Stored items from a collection
════════════════
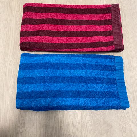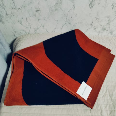Marimekon uusi sini-valkoinen froteepyyhe. Laput kiinni.
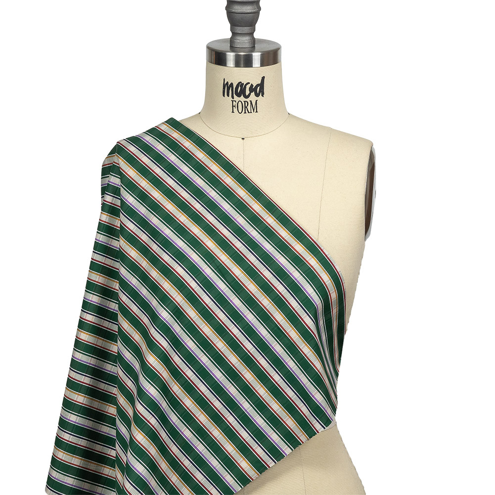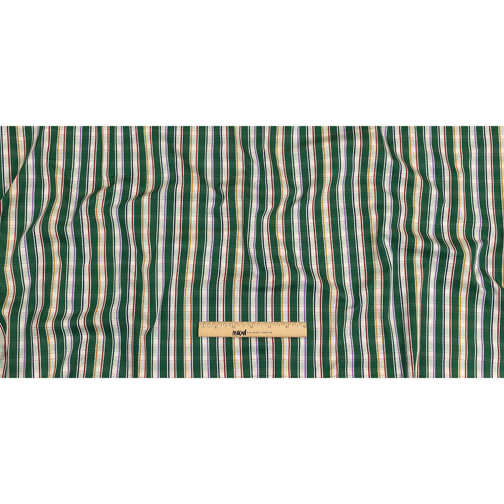 For your next trip along the Yellow Brick Road, why not follow our magical Green, Purple and Yellow Subtle Plaid Stripes Cotton Shirting? Ghostly tone-on-tone stripes bisect multicolored stripes, all pulling focus to the emerald green shade.
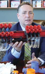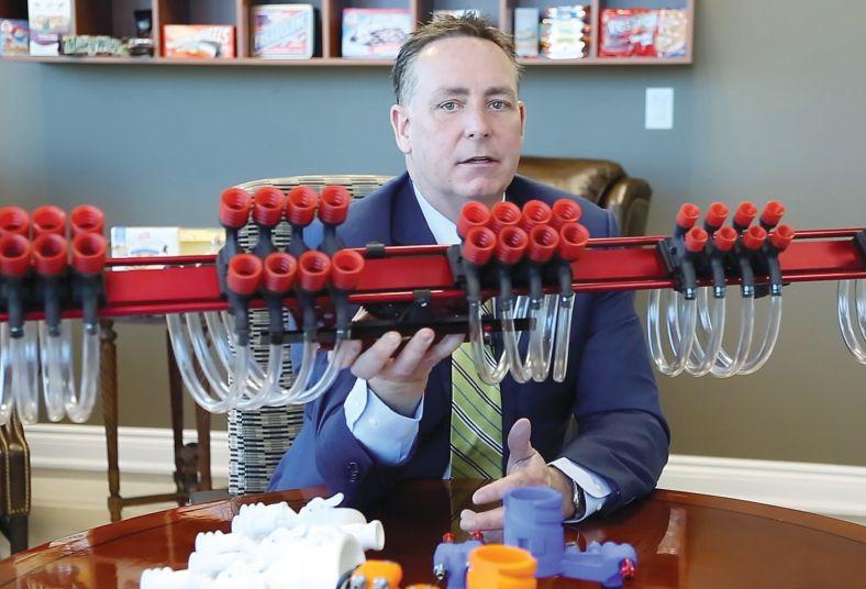 Chris Follows shows off some of the critical system components produced using advanced 3D printing technology, which Follows says allows the company the flexibility to make on-spec parts for its entire machinery range with exceptionally fast turnaround.
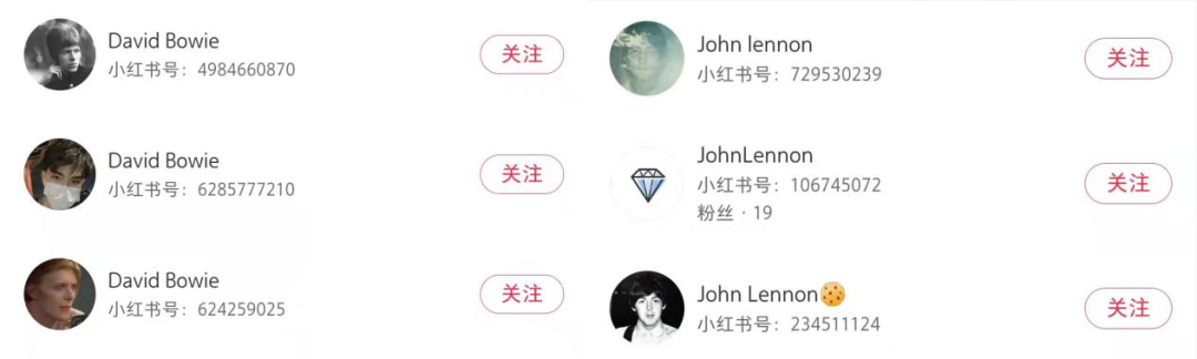 用同样的逻辑去搜索,你还能看到无数个“大卫·鲍伊”和“约翰·列侬”。
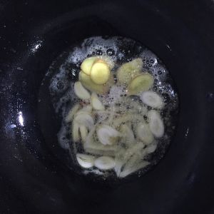 锅里放油,烧热后放入辣椒和花椒,然后放葱姜蒜,爆香。油可以多放点。
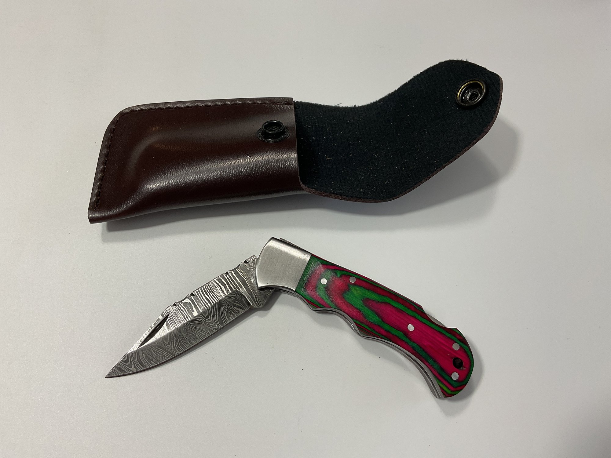 New Damascus Folding Knife With Sheath
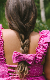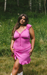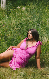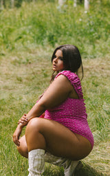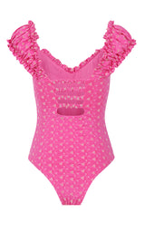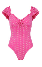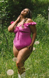 The Elle one piece was made for every a princess looking for something ultra-romantic and feminine to wear. Featuring beautiful ruffle princess cap sleeves, a sweetheart neckline, and a front tie, this stunning suit is the one piece you have been dreaming of. Wear it with our yoga pants or your favorite jeans for the perfect daytime look. Then slip off your bottoms and spend an evening relaxing in the hot tub under the stars. This stunning one piece is made from a beautiful stretch eyelet fabric and now comes in pink!
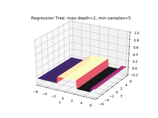 The second example shows how a regression tree can be used to approximate functions of two variables as well. Again, the animation illustrates deeper trees can approximate non-linear functions to a high degree of accuracy.
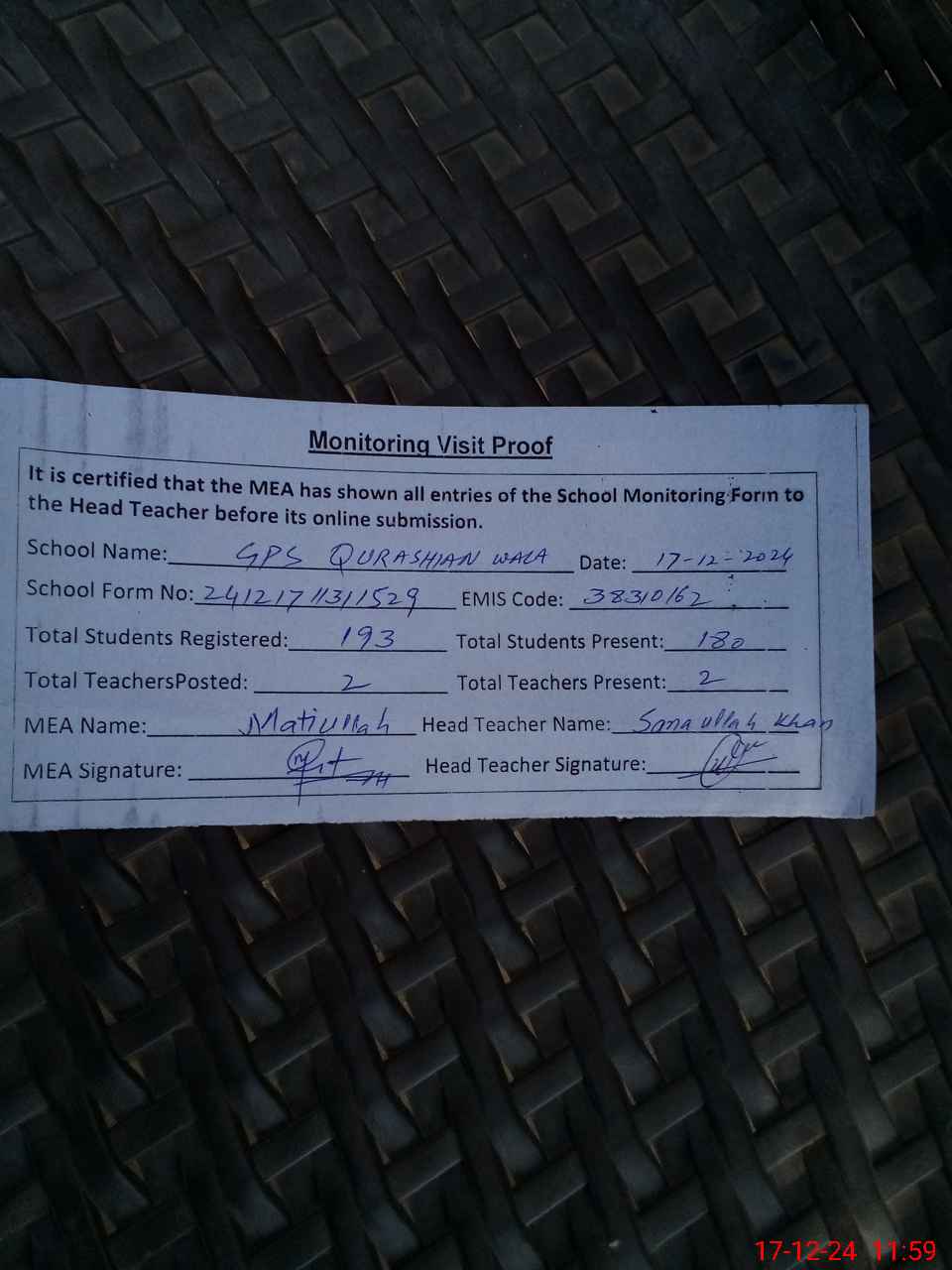 | Attendance Register | Head Teacher | MEA with School | Visit Proof |
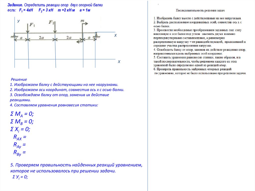 Задание. Определить реакции опор двух опорной балкиесли: F1 = 4кН F2 = 3 кН m =2 кН м а = 1м
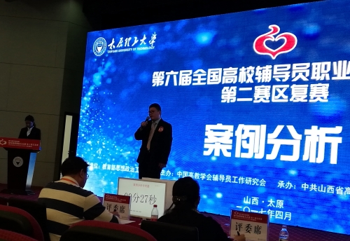 4月27日至28日,由教育部思想政治工作司,中国高教会辅导员工作研究会主办,中共山西省高等院校工作委员会,山西省教育厅以及太原理工大学共同组织的第六届全国辅导员职业能力大赛第二赛区复赛在太原理工大学举行。本次大赛有来自北京、河北、山东、山西、四个省区共40名选手参加,参赛的40名选手均是各省高校辅导员职业能力大赛前三名的获得者。我院机电工程系辅导员雷牧野老师作为河北省省赛特等奖的获奖选手,代表河北省参加本次复赛。经过激烈的角逐,雷牧野老师获得第六届全国辅导员职业能力大赛第二赛区复赛优秀奖。
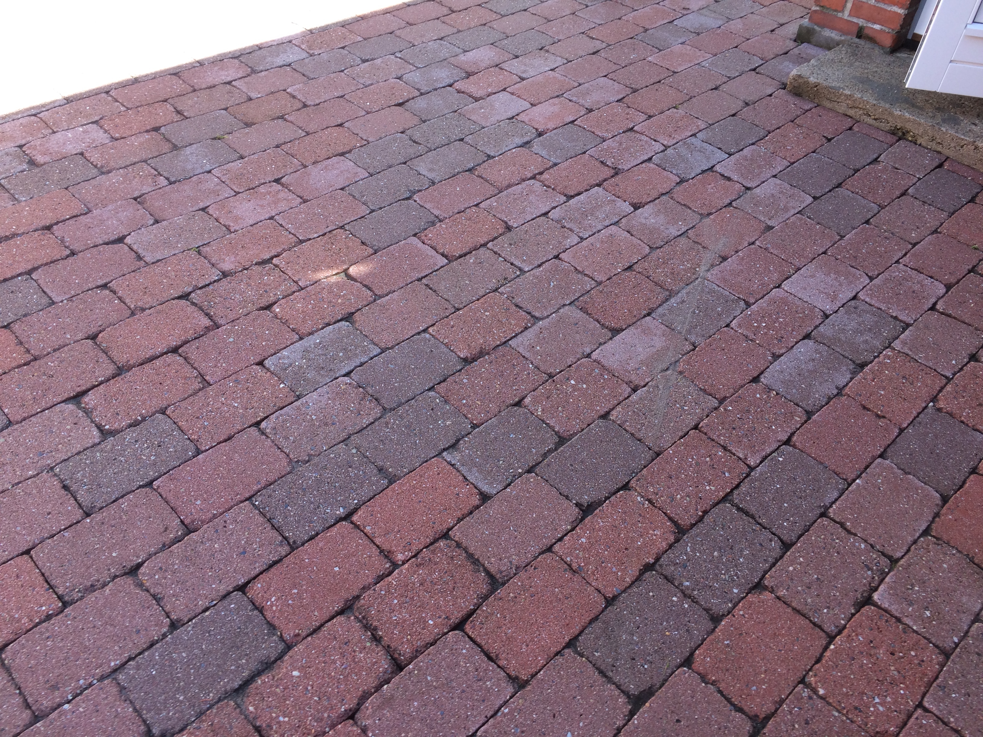 Den første operatør( marts 2018 ) rensede fliserne med en højtryksrenser. Sand, jord og ukrudt blev sprøjter op ad huset, skur og døre.
════════════════
- [TASK REQUIREMENTS]
Begin with the line containing "The Elle one", stop at the last line of the records above, and copy every line in between exactly, both ends included, with no pictures.

- [TASK RESULT]
 The Elle one piece was made for every a princess looking for something ultra-romantic and feminine to wear. Featuring beautiful ruffle princess cap sleeves, a sweetheart neckline, and a front tie, this stunning suit is the one piece you have been dreaming of. Wear it with our yoga pants or your favorite jeans for the perfect daytime look. Then slip off your bottoms and spend an evening relaxing in the hot tub under the stars. This stunning one piece is made from a beautiful stretch eyelet fabric and now comes in pink!
 The second example shows how a regression tree can be used to approximate functions of two variables as well. Again, the animation illustrates deeper trees can approximate non-linear functions to a high degree of accuracy.
 | Attendance Register | Head Teacher | MEA with School | Visit Proof |
 Задание. Определить реакции опор двух опорной балкиесли: F1 = 4кН F2 = 3 кН m =2 кН м а = 1м
 4月27日至28日,由教育部思想政治工作司,中国高教会辅导员工作研究会主办,中共山西省高等院校工作委员会,山西省教育厅以及太原理工大学共同组织的第六届全国辅导员职业能力大赛第二赛区复赛在太原理工大学举行。本次大赛有来自北京、河北、山东、山西、四个省区共40名选手参加,参赛的40名选手均是各省高校辅导员职业能力大赛前三名的获得者。我院机电工程系辅导员雷牧野老师作为河北省省赛特等奖的获奖选手,代表河北省参加本次复赛。经过激烈的角逐,雷牧野老师获得第六届全国辅导员职业能力大赛第二赛区复赛优秀奖。
 Den første operatør( marts 2018 ) rensede fliserne med en højtryksrenser. Sand, jord og ukrudt blev sprøjter op ad huset, skur og døre.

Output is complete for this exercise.